Teachers elected amid wave of activism turn to governing
PHOENIX (AP) — After a campaign buoyed by a surge in teacher activism, Arizona’s new schools chief took office with a pledge to address the kind of grievances that led to school-shuttering walkouts in several states last spring.
Kathy Hoffman, a 33-year-old school speech therapist, is among hundreds of educators being sworn into office following the #RedforEd protests, which were credited with raising awareness of the needs of public schools and inspiring many educators to join the political fray.
To take the oath of office at her inauguration Monday, Hoffman placed her hand upon “Too Many Moose,” a book she enjoyed using in her classroom to help children with speech impediments.
“It was thrilling to see everyone come together for that cause last spring, but now we need to do everything we can to come together to pass policies and solve this together,” said Hoffman, the state’s new superintendent of public instruction. “We want to do everything we can to prevent another walkout.”
Nationwide, an unprecedented 1,800 current and former educators, administrators and support staffers ran for office in 2018, and more than half of them won, according to the National Education Association, the country’s largest teachers union.
As the educators shift from classrooms to statehouses, they have been attending trainings, fielding meeting requests and reading through thousands of pages of legislative proposals. For Democrats who won in the red states where the walkouts took root, there is also the dawning reality that being in the political minority may pose hurdles to passing bills.
School administrator Melissa Provenzano, an Oklahoma Democrat elected to the state’s Republican-controlled House of Representatives, said she plans to keep the focus on ensuring teachers’ salaries are in line with national averages. A walkout that closed schools in many of Oklahoma’s largest districts for two weeks ended with an average raise of $6,180.
“There was a concern there was voter fatigue or public fatigue, and ‘Well, you’ve got the teacher raise and so we’re done with you,’” said Provenzano, one of four school administrators elected to the Oklahoma House of Representatives. “But most people can grasp that that was a Band-Aid.”
Provenzano’s school is two hours from the capital — too far for students to attend the November inauguration — but the ceremony was livestreamed in the building’s library and classrooms. “So that was kind of neat,” she said.

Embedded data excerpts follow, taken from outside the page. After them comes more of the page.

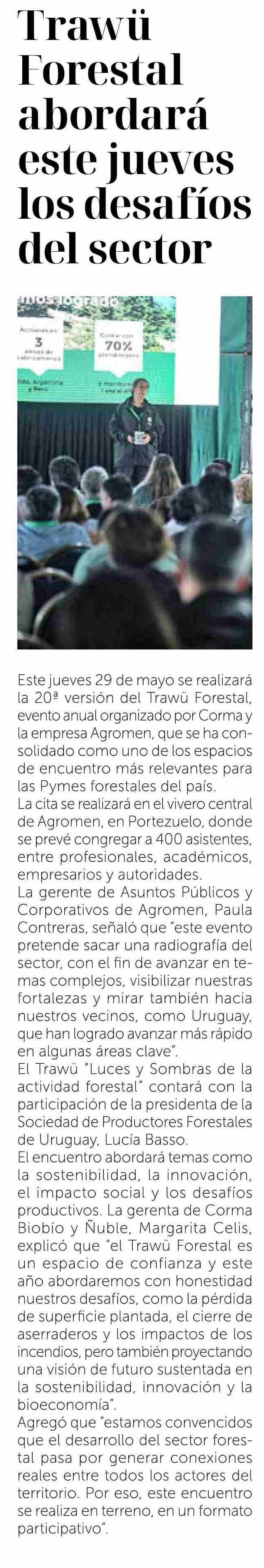 Trawü Forestal abordará este jueves los desafíos del sector 27-05-2025 La Discusión |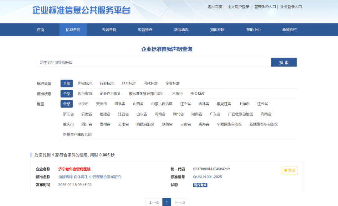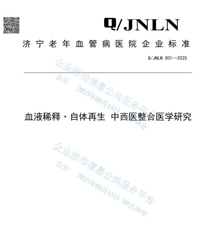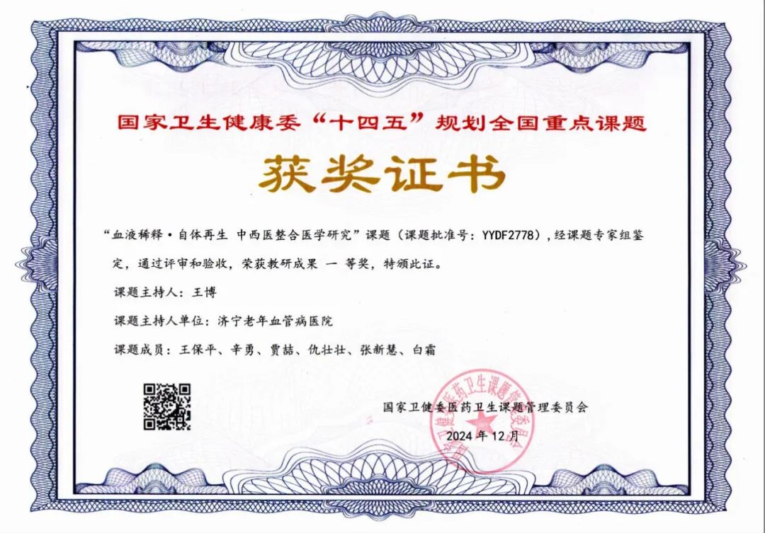 近日,我院《血液稀释及自体再生的中西医整合医学研究》课题获得国家标准化管理委员会企业标准认证, 该课题在2024 年已荣获国家卫生健康委“十四五”规划国家重点课题一等奖。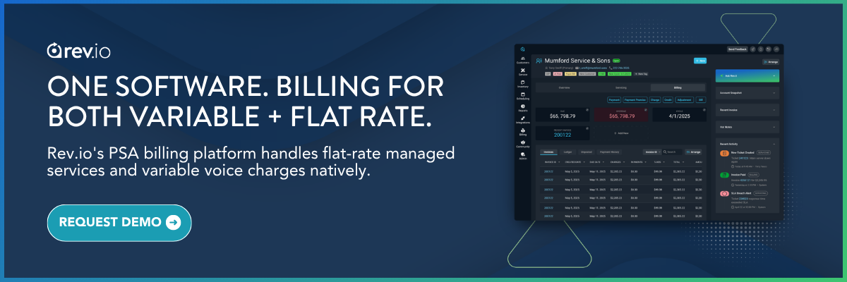 Your client's invoice shouldn't be two separate documents, one for managed IT and one for voice. But consolidating flat-rate managed services with variable usage charges requires a billing layer built to do both at the same time. Most PSAs can't, which leaves you with two bad options: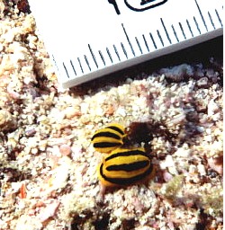 TOP RIGHT: North Male Atoll, Himmafushi Is., divesite "Rainbow Reef" 24 m, size 11 mm, Oct. 27, 1999. this one was found with the red sponge. BOTTOM RIGHT: South Male Atoll, Guraidhoo Is., divesite "Guraidhoo Kandu", 23m, size 9 mm, Oct. 24, 1999. BOTTOM LEFT: South Male Atoll, Guraidhoo Is., divesite "Guraidhoo Kandu", 21m, sizes 7, 9 mm, Oct. 24, 1999. Maldives Islands.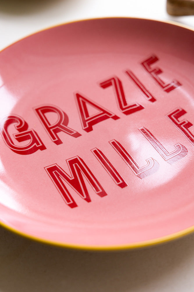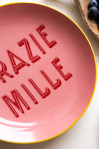 This hot pink ceramic plate is a gloriously cheery addition to every mealtime, especially as the more you eat, the more of this super-sweet message (‘grazie mille’, or ‘thank you very much’) is on show for your host, letting them know just how mu...
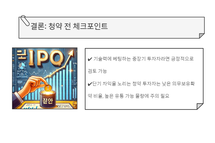 - 단기 차익을 노리는 청약 투자자는 낮은 의무보유확약 비율, 높은 유통 가능 물량에 주의 필요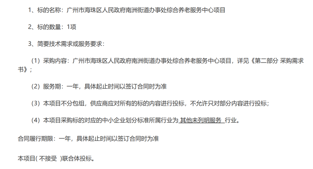 項目名稱:廣州市海珠區(qū)人民政府南洲街道辦事處綜合養(yǎng)老服務(wù)中心項目競爭性磋商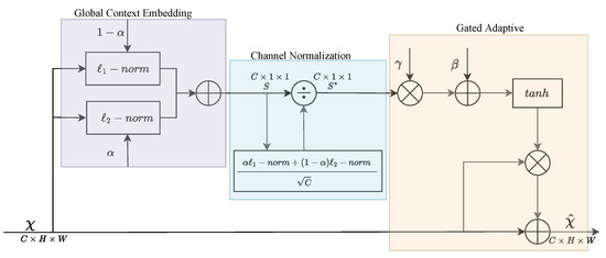 Channel Normalization Layer: Normalization layers are employed to accentuate channels with high feedback values and suppress those with lower feedback values, thus achieving a dynamic adjustment of features [40,41,42]. LGCA utilizes -norm formulations to normalize the channels, optimizing the weight distribution among them. The formula for channel normalization is as follows: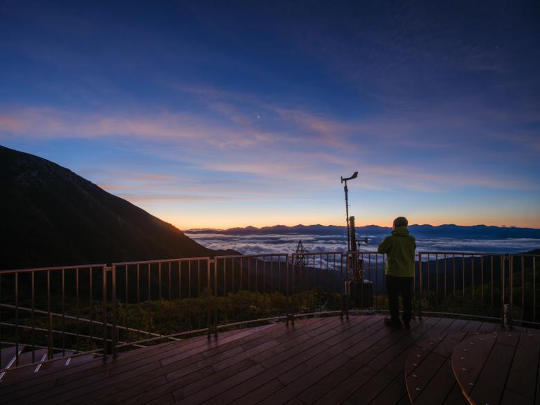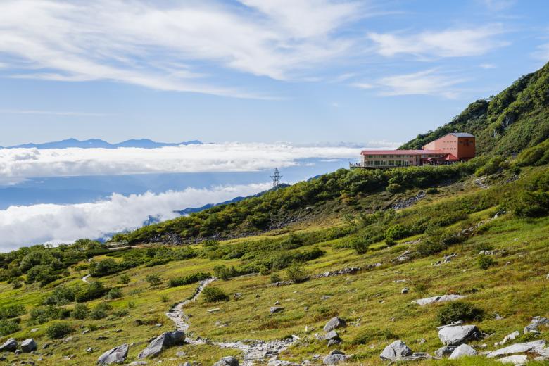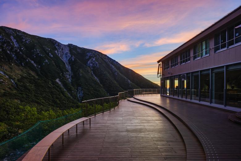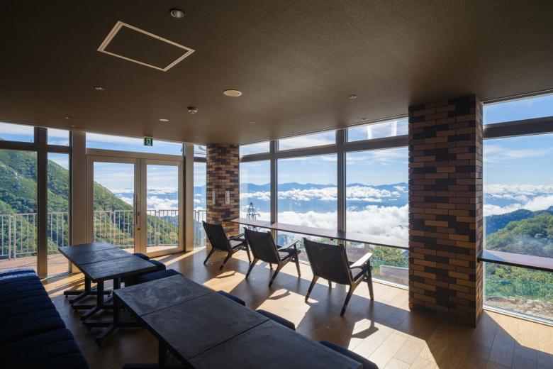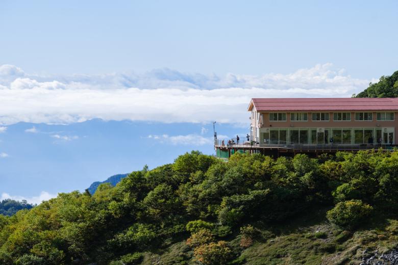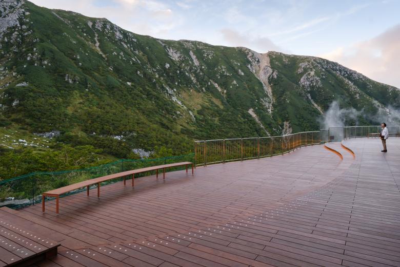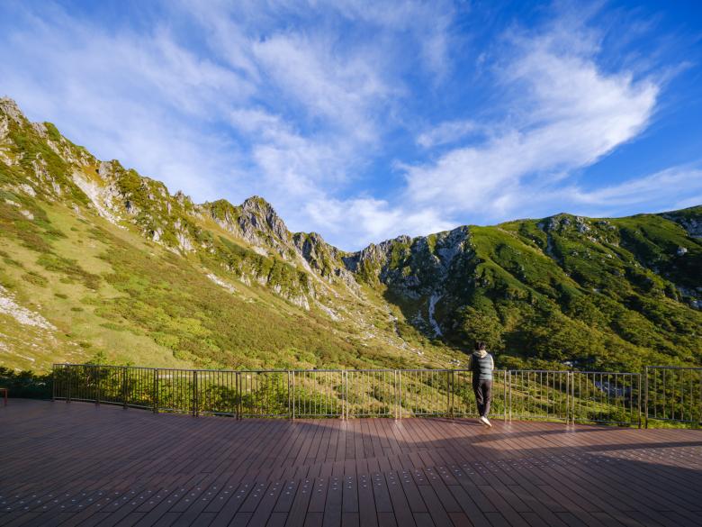 駒ヶ岳の標高2612mに位置するロープウェイ駅とホテルに新たに増築した展望テラス。千畳敷カールを望む場を提供することが目的のため、テラスはオブジェクト化せずに単に平坦なプレートとし、保護の対象となっているハイ松の植生をトレースする平面形状となっている。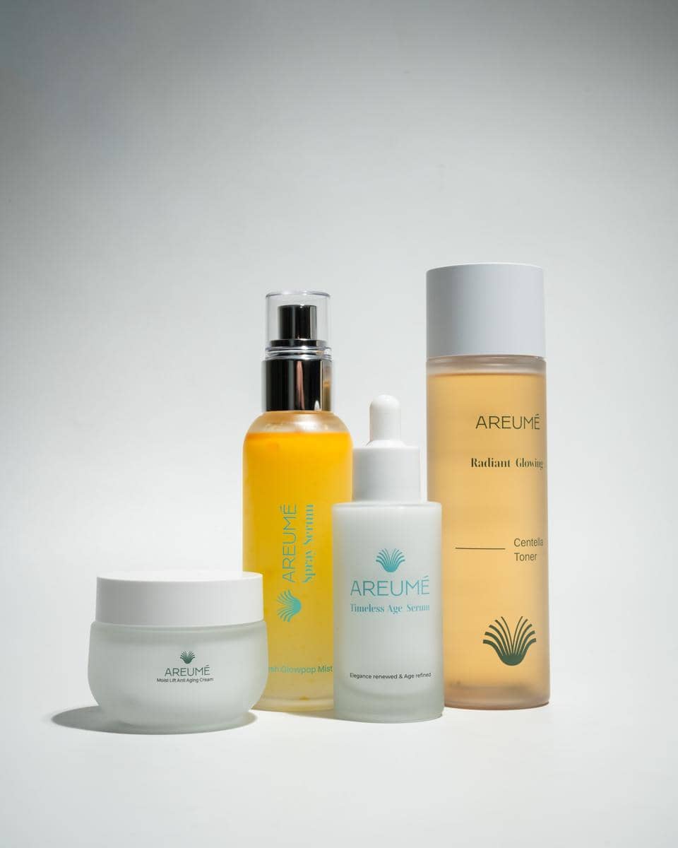 Pada tahap awal peluncuran, AREUMÉ Beauty memperkenalkanAnti-Aging Seriesyang dirancang untuk memenuhi kebutuhan kulit wanita yang ingin menjaga elastisitas, kelembapan, dan penampilan yang terlihat muda. Koleksi ini terdiri daritoner, serum, spray serum, sampai moisturizer.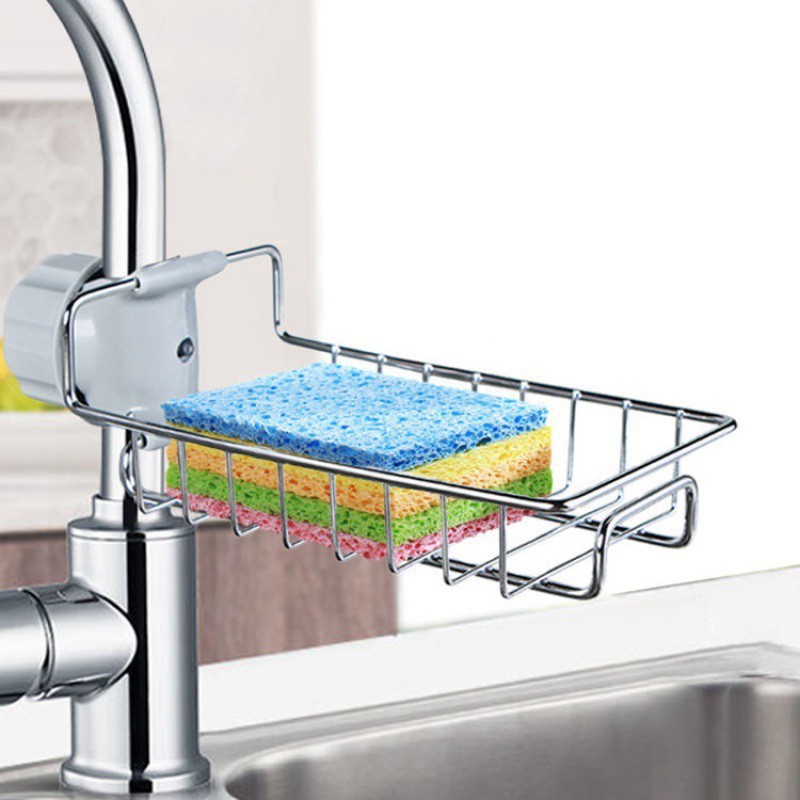 - Ai ngại khoan tường hoặc các giá nhựa, thủy tinh lâu lâu đóng cặn canxi nhìn chướng mắt lắm thì đổi qua sản phẩm này nha- gắn trực tiếp lên thanh inox vòi rửa khỏi đục đẽo luôn.

The #RedforEd protests, in which many teachers wore red shirts, converged last spring on statehouses in Arizona, West Virginia, Kentucky, Oklahoma and Colorado to press for better teacher pay and school funding.
As some participants now learn the ropes of government, there are also signs of new life for the protest movement. Teachers in Los Angeles, the nation’s second-largest school district, appear poised to strike as early as Thursday after failed contract negotiations, and teachers have been organizing rallies for this month in Oakland and across Virginia.
Elsewhere, some of the teachers who lost elections are already looking ahead to the next race.
“I won’t be happy until I am able to sit at the table to help make decisions about the education system,” said Democrat Aimy Steele, a former principal who came within about 2,000 votes of unseating an 18-year incumbent Republican for a House seat in North Carolina, where teachers last year shut down schools with demands for better pay and school funding. Steele plans a rematch for 2020.
“I was definitely not happy with the results, but it did not discourage me from trying,” said Steele, who as principal of Beverly Hills Elementary School in Concord said she became frustrated with what she saw as ill-conceived education mandates from lawmakers.
Hoffman, who is taking over a job typically held by career politicians or political insiders, said she knows what students are capable of when they have the resources they need.
“I feel proud to be part of the movement of educators who decided to run for office,” she said. “I think that the other educators felt the same way I did, that we wanted our voices to be heard and to make sure that our students had a voice in government, and we were tired of waiting around and waiting for someone to speak for us.”
Thompson contributed from Buffalo, N.Y.